Antoine Bouchard was in the earl’s dressing room hanging up shirts that had just been returned from the laundry when the door crashed inward and a small figure hurtled toward him and clawed at his sleeve.
“Winnie!” he said, turning to wrap his arms about her. “Winnie, ma petite. Ah, but your ’eart is beating like an ’ammer. What is it?”
The little maid had seemed to be almost herself again since their arrival in London. She had even been out alone on errands for Lady Nancy. Antoine had accompanied her whenever he could. Duties were not arduous for either of them in London.
“What is it, ma petite?” he asked again as she whimpered and burrowed against his chest.
“Didn’t you hear the knock?” she said. “I answered the door. And it was him, Mr. Bouchard.”
“The diable ’imself?” he said. “ ’Onywood? ’E did not come in?”
“He wanted Lord Trevelyan,” she said. “He said he would wait downstairs. He took my clothes off with his eyes. I was so scared I couldn’t even hear what he was saying to me until he said i
t twice.”
“Ah,” he said. “But you were safe, my little one. Antoine was ’ere and would ’ave ’eard if you ’ad called out. You must always remember that you are safe when Antoine is close, non?”
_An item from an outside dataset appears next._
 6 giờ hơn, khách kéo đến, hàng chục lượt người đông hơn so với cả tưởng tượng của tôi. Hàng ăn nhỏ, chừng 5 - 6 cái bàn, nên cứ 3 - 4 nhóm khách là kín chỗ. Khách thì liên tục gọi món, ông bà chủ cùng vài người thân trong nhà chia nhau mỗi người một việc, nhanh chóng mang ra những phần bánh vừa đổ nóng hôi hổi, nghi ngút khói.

She looked up at him with miserable eyes. “I was too terrified even to think of you until after he had gone,” she said. “I hate being like this. I used to enjoy living, Mr. Bouchard. I used to feel that perhaps I was a little bit pretty. I used to think that some handsome fellow would want to marry me one day. I used to—oh, life is not fun any longer.”
“Poor little Winnie,” he said. “Antoine will take you out and about, eh? We will explore this amazing city together when we ’ave the free time, non? We go to the Tower of London and to Madame Tussaud’s. And to Vauxhall to see the fireworks and maybe to dance. Do you like to dance, ma petite?”
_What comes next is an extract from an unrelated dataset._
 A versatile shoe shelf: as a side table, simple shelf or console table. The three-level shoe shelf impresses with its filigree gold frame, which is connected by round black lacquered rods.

“We dance about the maypole on the village green at Penhallow,” she said. “I always liked dancing more than anything else in the world. But isn’t Vauxhall too grand a place, Mr. Bouchard?”
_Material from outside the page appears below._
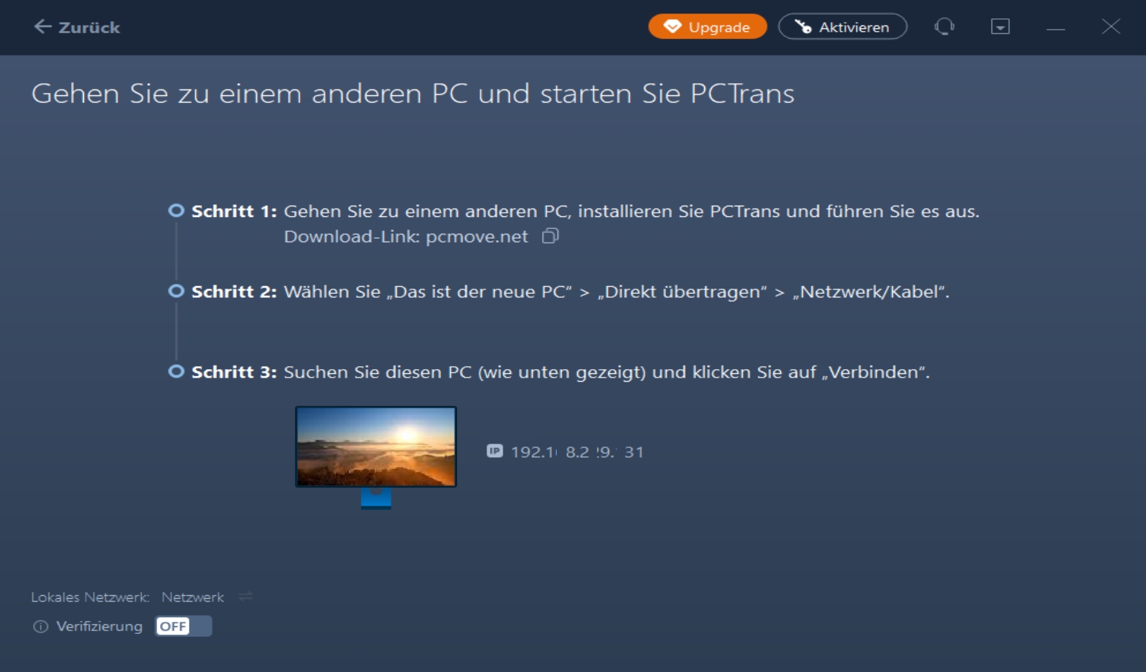 Direkter PC-zu-PC-Transfer von Programmen, Dateien und Benutzerkonten

He shrugged. “Anyone can go there,” he said, “or so I ’ave ’eard. We go there one evening, Winnie, and we ’ave fun there, non? And you will be quite safe because you will be with Antoine. Antoine will not let anyone treat you with disrespect or take off your clothes with ’is eyes. Not unless ’e wants my fist between ’is eyes.”
“The Crown Jewels are in the Tower,” Winnie said, “and all the strange animals from all over the world. And those wax figures at Madame Tussaud’s are supposed to be ever so lifelike, Mr. Bouchard. And fireworks? I have never seen fireworks. We can really go? We will be allowed?”
“We will go, ma petite,” he said. “Some of the joy will come back into your life, non?”
She rested her face against his chest and breathed in deeply. “You are so kind to me, Mr. Bouchard,” she said. “I don’t know what I would have done without you.”
“Now you go,” he said, patting her back, “while Antoine finishes ’anging up these shirts. It would not look good if ’is lordship were to find you in ’ere, little one. We don’t want to ’arm your name.”